Избранное
Шрифт:
И я, право же, нисколько не преувеличиваю, когда говорю, что я, не прекращая работы на участке (и в дорожно-ремонтной бригаде, понятное дело), да еще отвлекаясь на какие-то минимальные домашние хлопоты, чтобы есть и восстанавливать силы, сумел отредактировать и перепечатать и выслать по почте свой роман — двести двадцать с чем-то страниц — за какие-то две недели. Авиапочты через океан тогда не существовало, бандероль шла в Англию пароходом до Ванкувера, потом поездом до Атлантического побережья и снова пароходом, в общей сложности не меньше тридцати дней. Но как бы то ни было, я свое дело сделал; и следующие три месяца или около того, пока я в радостном предвкушении дожидался ответа, не было, я думаю, никого бодрее и благодушнее меня. Я возвратился к книгам и саду и, заглушая в душе слабое подспудное беспокойство, говорил себе, что мой будущий роман, в форме дневника, теперь тоже, безусловно, будет иметь успех. Да и как мне было не радоваться жизни? Среди товарищей по бригаде у меня появлялось все больше и больше друзей, они помогали мне сажать и сеять, по теплой и влажной погоде цитрусовые вскоре пошли в рост, на персиках, а следом и на яблоньках появились зеленые листочки и даже несколько цветков, хотя, конечно, самым первым принялся виноград, на шоколадно-коричневой перекопанной земле то здесь, то там проступали пятна различных оттенков, и вот уже все-все, что я посадил и посеял: картофель, ранний горошек (который рос и плодоносил на новой почве с таким азартом, будто стремился завоевать сельскохозяйственный приз за самый богатый урожай), потом фасоль, а дальше помидоры, тыквы, кабачки, салат, дыни (тучнеющие на грядках, удобренных золой сосновой щепы) и наконец, самыми последними, кукуруза и сладкий картофель кумара — все растения словно сговорились оправдать самые радужные рекомендации, полученные в питомниках или напечатанные на пакетиках с семенами.

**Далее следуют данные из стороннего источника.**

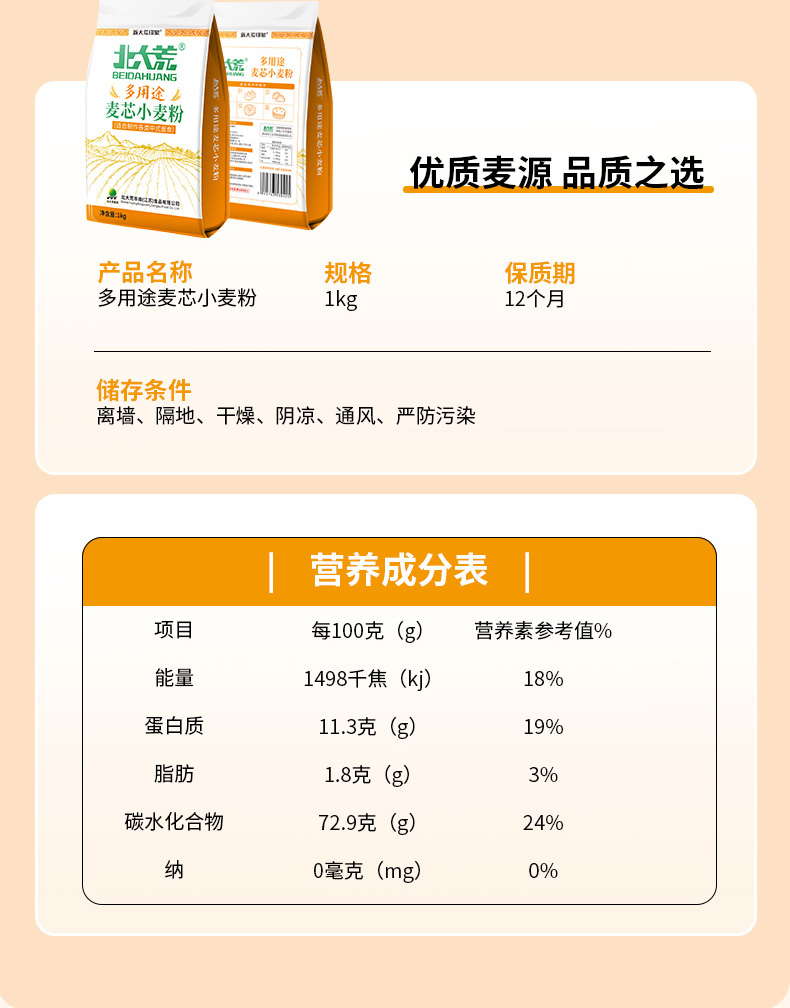 北大荒新大荒印象多用途麦芯粉1kg/2.5kg/5kg
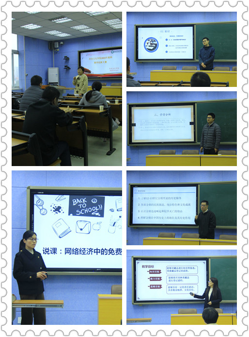 副院长孙炜介绍了比赛规则,五位参赛教师通过抽签决定比赛顺序。李海霞老师主要讲了《网络经济中的免费模式》,李老师从身边中司空见惯的现象讲起,深入浅出的为我们讲述了网络免费经济的相关知识。邹维一老师主要讲了《博物馆学概论——藏品鉴定与建档》,邹老师注重线上线下教学,从搭建一个属于自己的博物馆开始,为我们讲述了如何为文物鉴定和建档。庄宏忠老师主要讲了《气候变迁对社会历史发展的影响——明清小冰期与社会波动》,庄老师从教材、教法、学法、教学过程4个方面为我们介绍了说课内容。马志超老师主要讲了《西欧诸国——德国》,马老师注重运用多媒体教学,为我们讲述了德意志王国的相关知识。黄日初老师主要讲了《金朝历史》,黄老师在讲课时注重运用多媒体和心理暗示法,用各种文物图片史料,构建历史情境,以便激发学生的学习兴趣,让学生能够“回归”历史场景,从中体验、感悟历史。
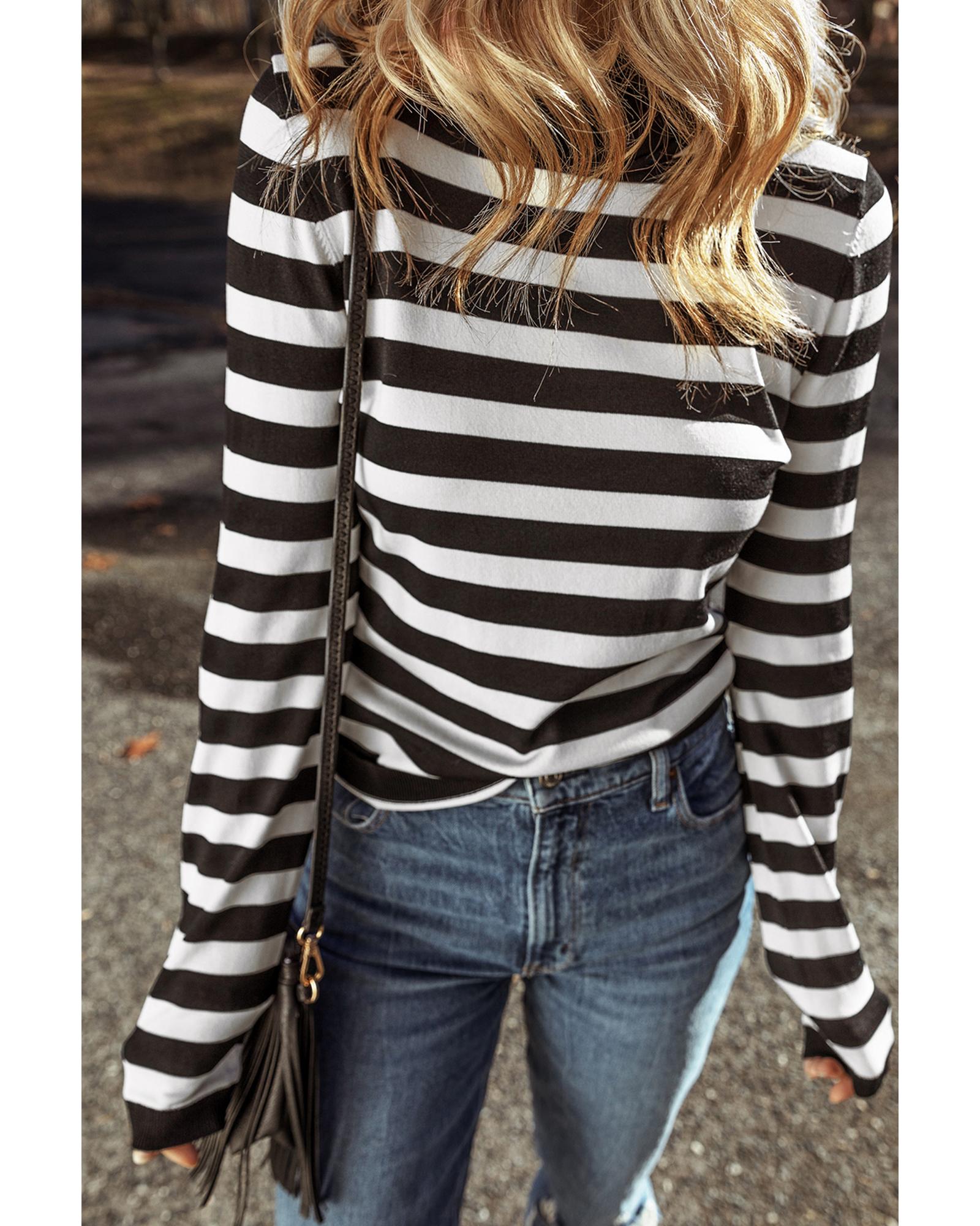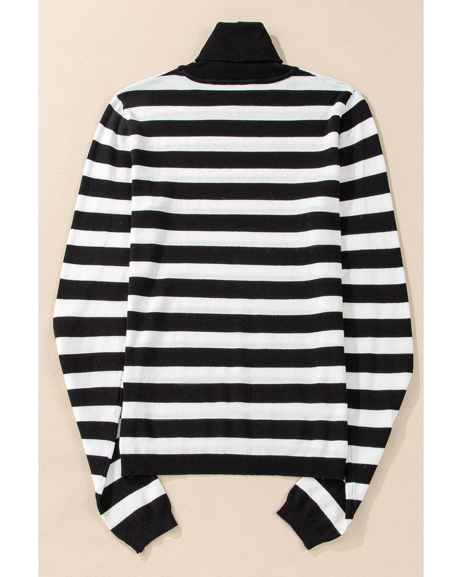 Black Stripe Slim Fit High Neck Knit Sweater – XL
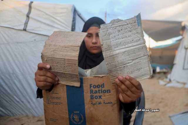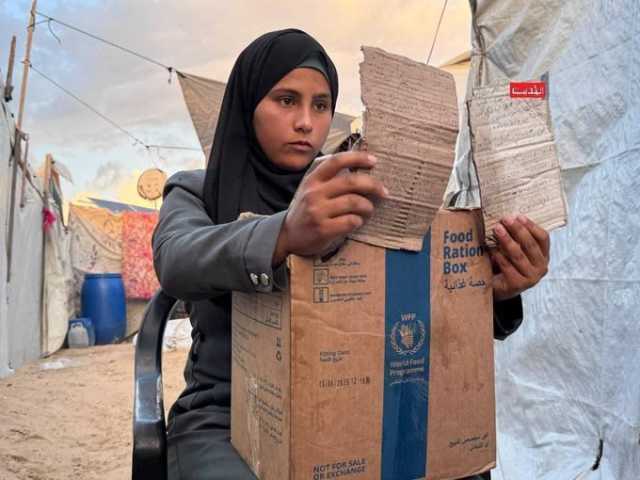 وقالت إنها اضطرت إلى الدراسة والكتابة على كراتين المساعدات بعد أن فقدت كل السّبل التي كانت تمكّنها من الدراسة في ظل العدوان الإسرائيلي، وإغلاق المدارس.
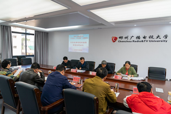 2019年10月30日下午,按照党中央部署和省、市委有关主题教育工作安排,郴州广播电视大学党委“对照党章党规找差距”专题检视会议在北校区六楼会议室召开。会议由党委书记扶立平主持。学校领导班子成员参加。市委第二十三指导组组长邝安平、副组长王书堂,组员何良针、陈蓉到会指导。
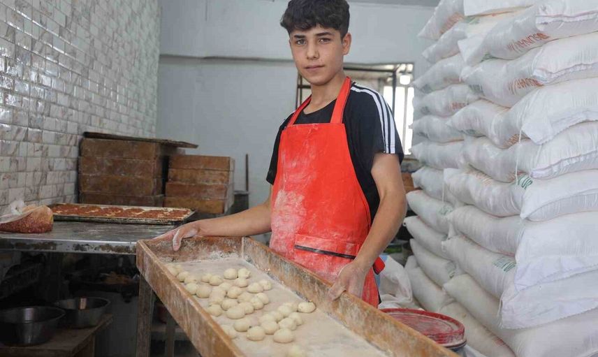 HATAY'DA YAŞAYAN 16 YAŞINDAKİ MEMİŞ AKÇAKAYA, YERLERİ SÜPÜREREK 10 YAŞINDA BAŞLADIĞI FIRIN USTALIĞINDA KENDİNİ GELİŞTİREREK HAMUR HAZIRLAMAYI, HAMUR AÇMAYI VE LAHMACUN YAPMAYI ÖĞRENDİ.
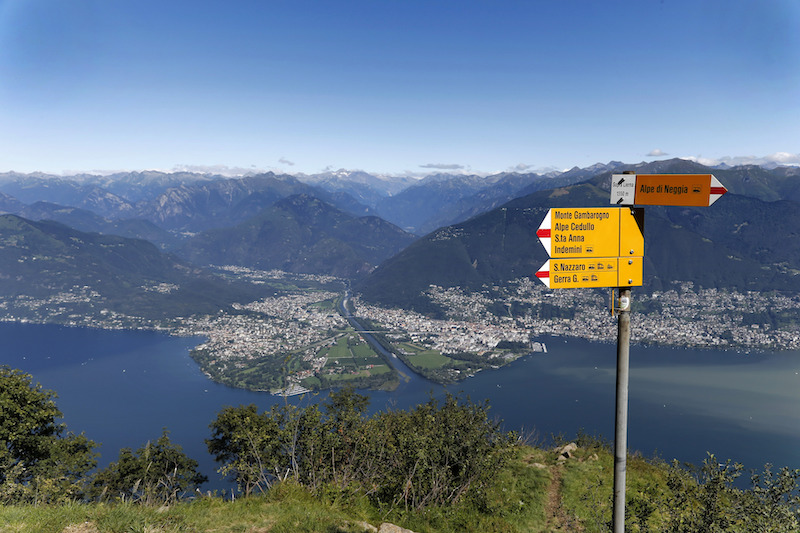 Diese Tour führt über den Monte Gambarogno mit Blick auf den Lago Maggiore. Die Route kombiniert offene Wiesen, Waldabschnitte und felsige Passagen. Besonders im Herbst leuchten die Kastanienwälder in warmen Farben.
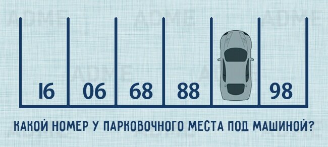 Ответы в конце))) Задача № 1. Парковка Это простой вопрос из гонконгского теста для зачисления в начальную школу Задача № 2. Четырехзначные числа Дошколята решают эту задачку за 5-10 минут. Программисты — за 1 час. Задача № 3. Числовая пирамида Задачки, как эта, сингапурские третьеклассники щелкают как орешки. Задача № 4. Шоколадная коробка Задачка из США для детей 12-13 лет: "В коробке 50 шоколадок. Из них 30 с карамелью, 25 — с кокосом, 10 — и с карамелью, и с кокосом, а остальные вообще без начинки. Вопрос: Какая диаграмма верно отражает содержимое коробки?" 1) Ответ: 87. Надо просто мысленно повернуть картинку вверх ногами 2) Ответ: 2581 = 2. В каждой группе из 4 чисел нужно было всего лишь сосчитать замкнутые кружочки. Например, у цифры 6 один кружочек, у цифры 8 — два. А, значит, у числа 6889 их шесть. И так далее. 3)Ответ: D = 1345; E = 2440. Первым делом складываете два числа в нижнем ряду: 198 + 263 = 461. Получилась сумма больше того числа, что стоит над ними: 461 > 446. Вычи

Это был мой первый опыт садоводства и огородничества, и он принес столько удовлетворения, что с тех пор вот уже тридцать лет я сам выращиваю для себя все, что мне требуется, да еще нередко реализую или раздариваю излишки. С той поры я завел также привычку консервировать в больших количествах помидоры в банках и закладывать на зиму сладкий картофель в ящики с сухим песком. Выращивать и снимать богатые, избыточные урожаи меня побуждало то, что я почти все время был фантастически беден (понятно, по меркам обеспеченной публики, среди которой вырос), однако имел много друзей, и они оказывали мне всяческие услуги, я же только и мог отблагодарить их фруктами и овощами. А мои сельскохозяйственные успехи, я думаю, объясняются тем, что я постоянно, из года в год, учился, каждый сезон оба проклятия здешних мест: бури и засухи — ставили меня перед новыми трудностями. Много лет всю воду для поливки я таскал ведрами, денег на покупку шланга у меня не было, пока, в конце концов, однажды поутру я не обнаружил у себя на участке неизвестно откуда взявшийся шланг — думаю, украденный для меня кем-то из заботливых друзей. Рыхлая почва быстро истощалась, в нее нужно было постоянно вносить компост, которого, как знает каждый огородник, никогда вдоволь не наберешься, он имеет огорчительное свойство таять в земле, точно иней под лучами солнца. В первые годы моего огородничества, когда мне приходилось жить на пределе сил и вдобавок к деньгам, получаемым на общественных работах, добывать пропитание с огорода, я вскапывал еще и часть пустыря, примыкавшего к моему участку сзади. Я предпринял было попытку засеять и полосу с наружной стороны вдоль забора, выходившего на нашу тихую улочку, но получил от городских властей предписание этого не делать. А запасы навоза я регулярно пополнял после того, как у моего дома останавливалась тележка молочника или фургон пекаря.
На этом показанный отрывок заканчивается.